As set out above, Ms Tucker’s initial report was filed without her having met the children and independently ascertain their wishes and feelings. Her second report is dated 25th October 2023 and provides further insight into the children’s views and their reasons for them. Meeting the children clearly had a significant impact on Ms Tucker’s thinking, as she now concluded that adoption orders should be made “given the strength of feeling each of the children has with regards to this order”.
It must be said, however, that this recommendation is not supported by any further analysis of substance. Paragraph 8 of the report, headed ‘Conclusion’, is largely word for the word the same as the corresponding paragraph of the initial report, notwithstanding the fact that an adoption order is now preferred. There is no explanation as to why the recommendation has changed, no attempt to balance the competing considerations for the children collectively or as individuals, and no reference whatsoever to the question of proportionality. Whilst there is some assistance to be gained from Ms Tucker’s consideration of certain factors within the framework of the welfare checklist, I regret that the report fails to deliver on its basic function to provide a balanced analysis to the court. Rightly or wrongly, one could hardly blame the father if he concluded that Ms Tucker had reduced a very complex question to the single issue of the children’s views.
In her oral evidence, Ms Tucker was clear that she did not believe that the children had been subject to any undue influence or manipulation when it came to their views. She described the children as having their own minds and strong personalities. Ms Tucker considered that this was underlined by D feeling free to express the fact that they wanted to re-establish a relationship with the father.
Ms Tucker’s view was that the children would be greatly disappointed if adoption orders were not made. She considered that they had good insight into what an adoption order meant both practically and legally, and sought an order that recognised their family unit as it now exists. Ms Tucker suggested that N encapsulated the views of the others when suggesting that the step-father had provided the children something that they did not think possible. N considered that adoption was the natural progression for them moving forward and into adult life.

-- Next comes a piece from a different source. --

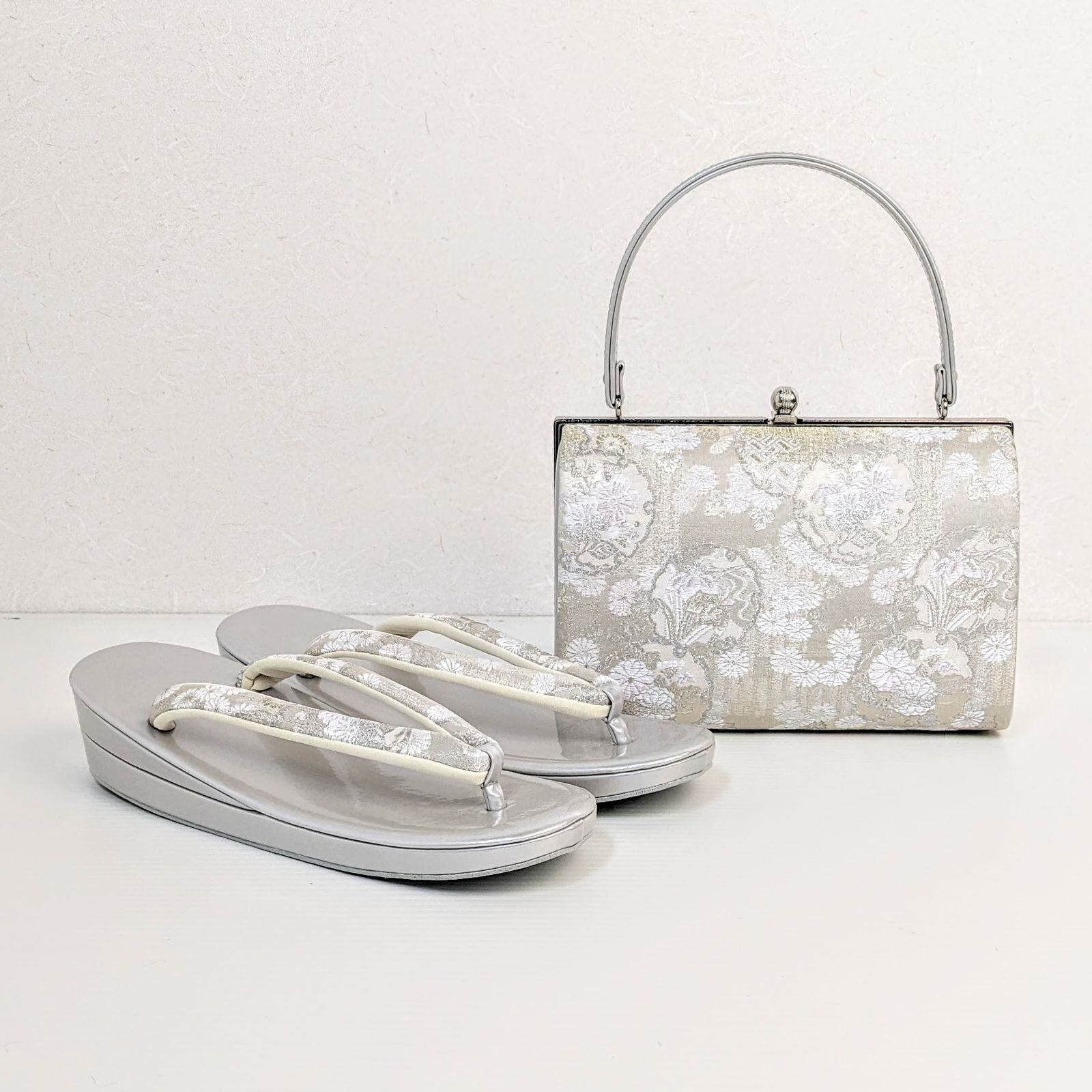 和装 草履バッグセット シルバー フォーマル 帯地 雪輪 M/LLサイズ w45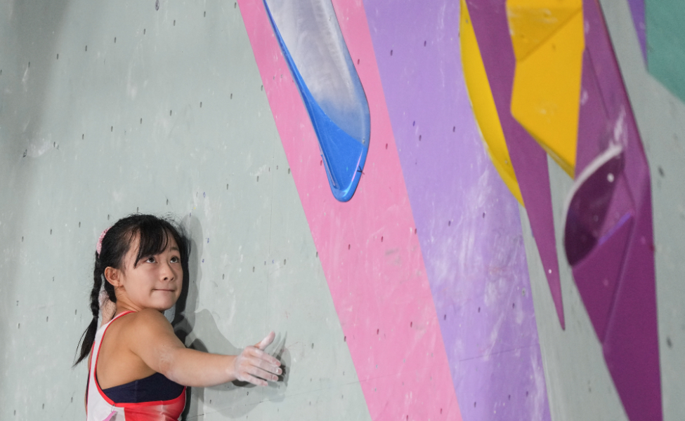 11月15日,广东队选手李美妮在比赛中。她最终夺得冠军。当日,第十五届全国运动会攀岩项目女子攀石决赛在广州举行。新华社记者 晋美多吉 摄

Ms Tucker emphasised that the children are a very close, with D the subject of much attention from their older siblings. She was of the view that whilst the children’s individual needs are different, there was significant cross-over with the needs of the sibling group. Ms Tucker was concerned that D would be left feeling very separate from their siblings if the court considered adoption orders were appropriate for the others but not for them, and that this risked undermining the stability of the family unit.

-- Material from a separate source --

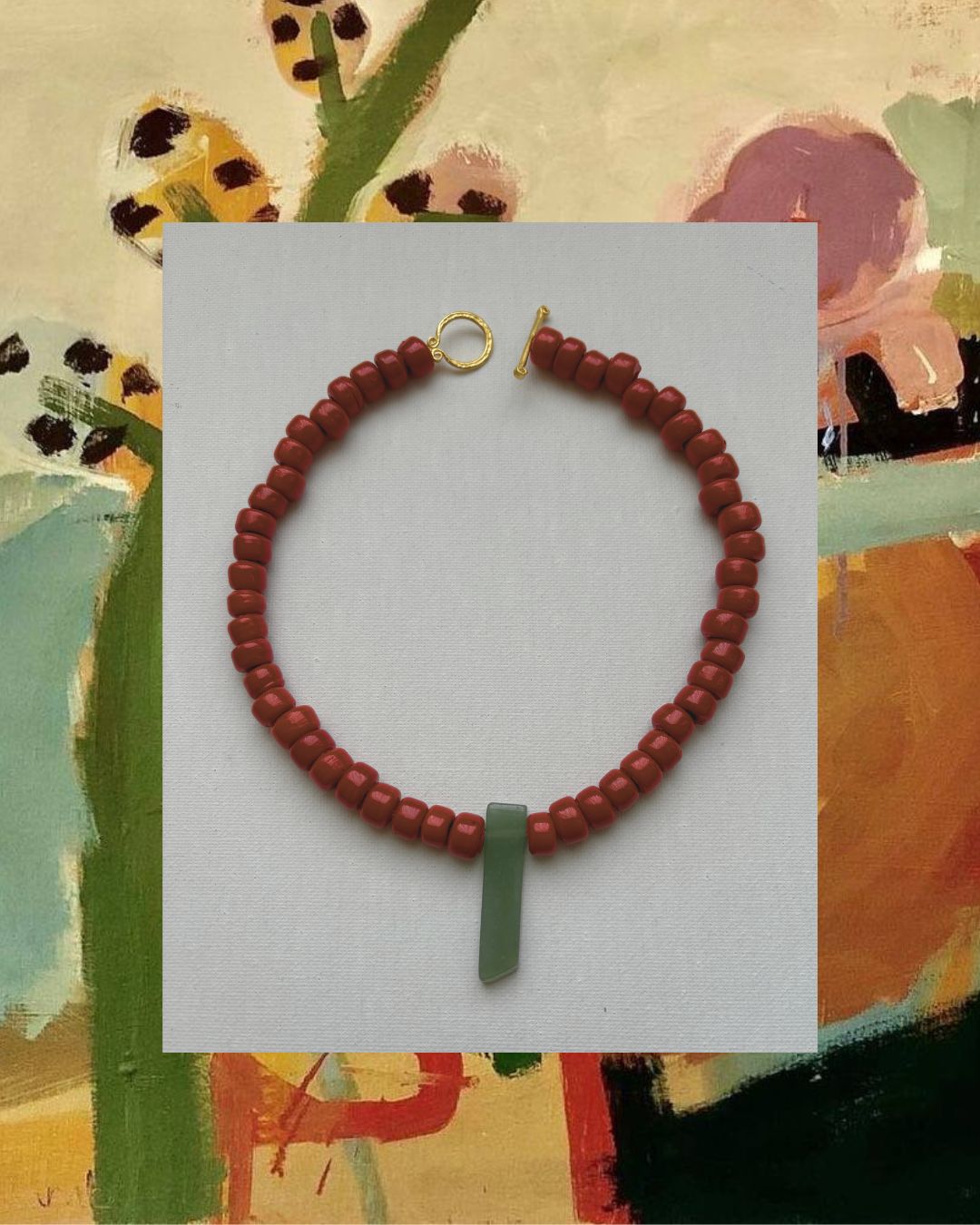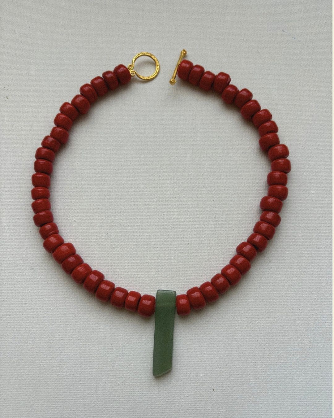 materials: Turkish glasss beads and natural green aventurine. gold plated toggle closing.

I noted that Ms Tucker was also of the belief that adoption orders might form the basis for the father re-establishing a relationship with N, K, and H, although this would also require the father to acknowledge the relationship that they have with the step-father.

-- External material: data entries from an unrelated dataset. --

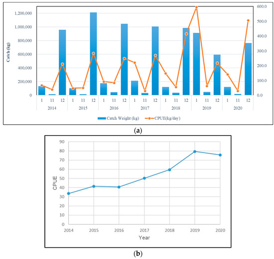 (a) Monthly catch and CPUE changes in mullet in western Taiwan waters from 2014 to 2020 and (b) yearly catch and CPUE changes in mullet in western Taiwan waters from 2014 to 2020.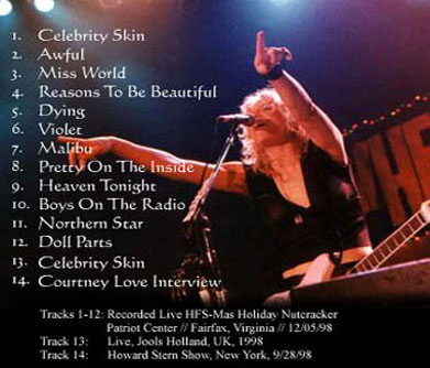 HFS-MAS HOLIDAY NUTCRACKER: 1. Celebrity Skin 2. Awful 3. Miss World 4. Reasons To Be Beautiful 5. Dying 6. Violet 7. Malibu 8. Pretty On The Inside 9. Heaven Tonight 10. Boys On The Radio 11. Northern Star 12. Doll Parts 13. Celebrity Skin 14. Courtney Love Interview Tracks 1-12: Recorded live at the Patriot Center, Fairfax, VA, 12/05/98. Track 13: Live on Jools Holland 1998. Track 14: Courtney live on Howard Stern Show 1998. |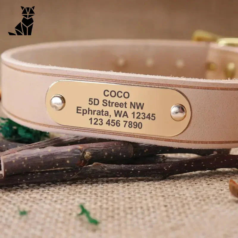 Glæd din vovse med vores storslåede personlige brede læderhalsbånd i beige og med guldspænde og ring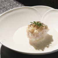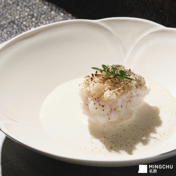 甘鲷又称马头鱼,头型方正,易于辨认,甘鲷运动量较少、生长速度缓慢,肉质细嫩、滋味鲜甜。品种依身体色泽分为金甘鲷、红甘鲷,白甘鲷等,其中以白甘鲷味道最好,肉质软滑。这道菜以“立鳞烧”的方式处理,表皮酥脆而肉质细腻。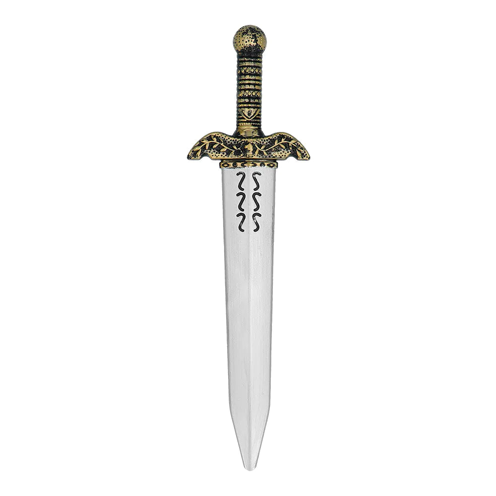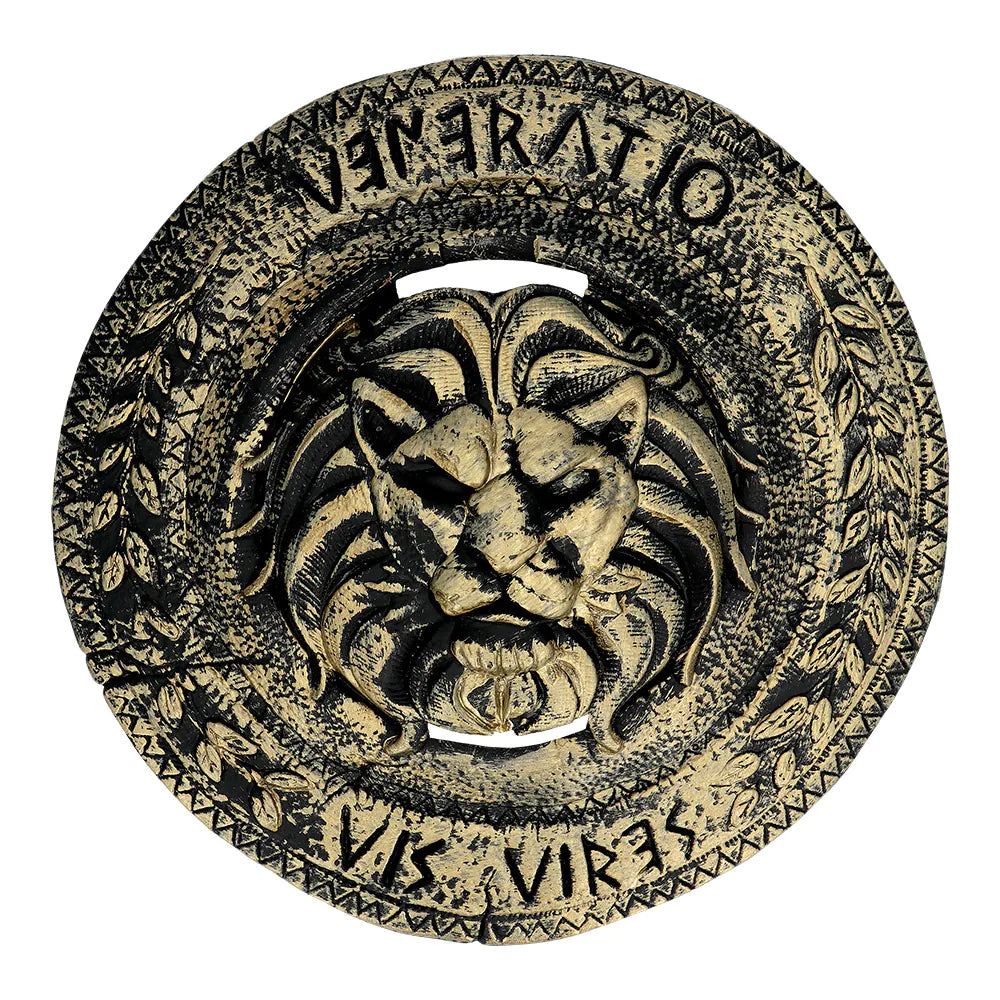 Et sejt 2-delt våbensæt, som alle børn vil blive begejstrede for. Sættet består af et sværd med gyldent håndtag og et matchende gyldent skjold med løvehoved. Et fantastisk tilbehørssæt til at fuldende et sejt ridder-, vikinge- eller romersk gladiatorkostume til karneval. Også meget flot som gave!

Impressions of the mother, the father, and the step-father
I think it important to record something of my general impressions of the mother, the step-father, and the father, as formed by reading their statements, observing their cross-examination, and hearing their submissions.
It was clear that the father found the proceedings extremely challenging. His emotions ran close to the surface throughout both hearings that I conducted, and he appeared overwhelmed by his upset on more than occasion. I have no reason to doubt his sincerity when he describes the extent of his love for his children, and can well understand why the prospect of their adoption is such a frightening and distressing prospect. I found it notable that the father was unable or unwilling to acknowledge his own role in the demise of his relationship with his children, choosing instead to focus on the actions of the mother. I was left in no doubt as to the extent of ill-feeling that he continues to bear towards her. There was more than one occasion where I felt that the father lost sight of the children in pursuit of his own need to deflect blame for the current circumstances.
Unsurprisingly, the mother and step-father presented a united front. The step-father took the lead on most points, and appeared to be focussed on the welfare needs of the children and their stability. Whilst it was clear that the mother continues to take issue with the father’s actions, her focus appeared to be on the future rather than on the acrimony of the past. They appeared sincere in stating that they wanted to build a positive relationship with the father even if an adoption order is made, and in their hope that the older children would one day want to revisit the question of contact.
Analysis
The court’s paramount consideration is each child’s welfare throughout their life. The court has regard to all the circumstances, and particularly to the issues identified within the welfare checklist at s.1(4) ACA 2002.
the child’s ascertainable wishes and feelings regarding the decision, having regard to age and understanding
N is now an adult, and so naturally what they say must be given a lot of weight. N is described as being chatty and confident. They do not want to have any form of relationship or contact with the father, who they describe as a “horrible and a nasty person”. N states this is a consequence of their lived experiences and details the impact on them of witnessing the father use cannabis and denigrate the mother and step-father. Contact is described as having been “psychologically draining”. N wishes to be adopted by the step-father to finalise the parent/child relationship that they have with him and to cement the family unit. N fully understands the implications of an adoption order being made. N has already actively looked at changing their surname by deed poll prior to obtaining a new passport, but is now awaiting the outcome of these proceedings.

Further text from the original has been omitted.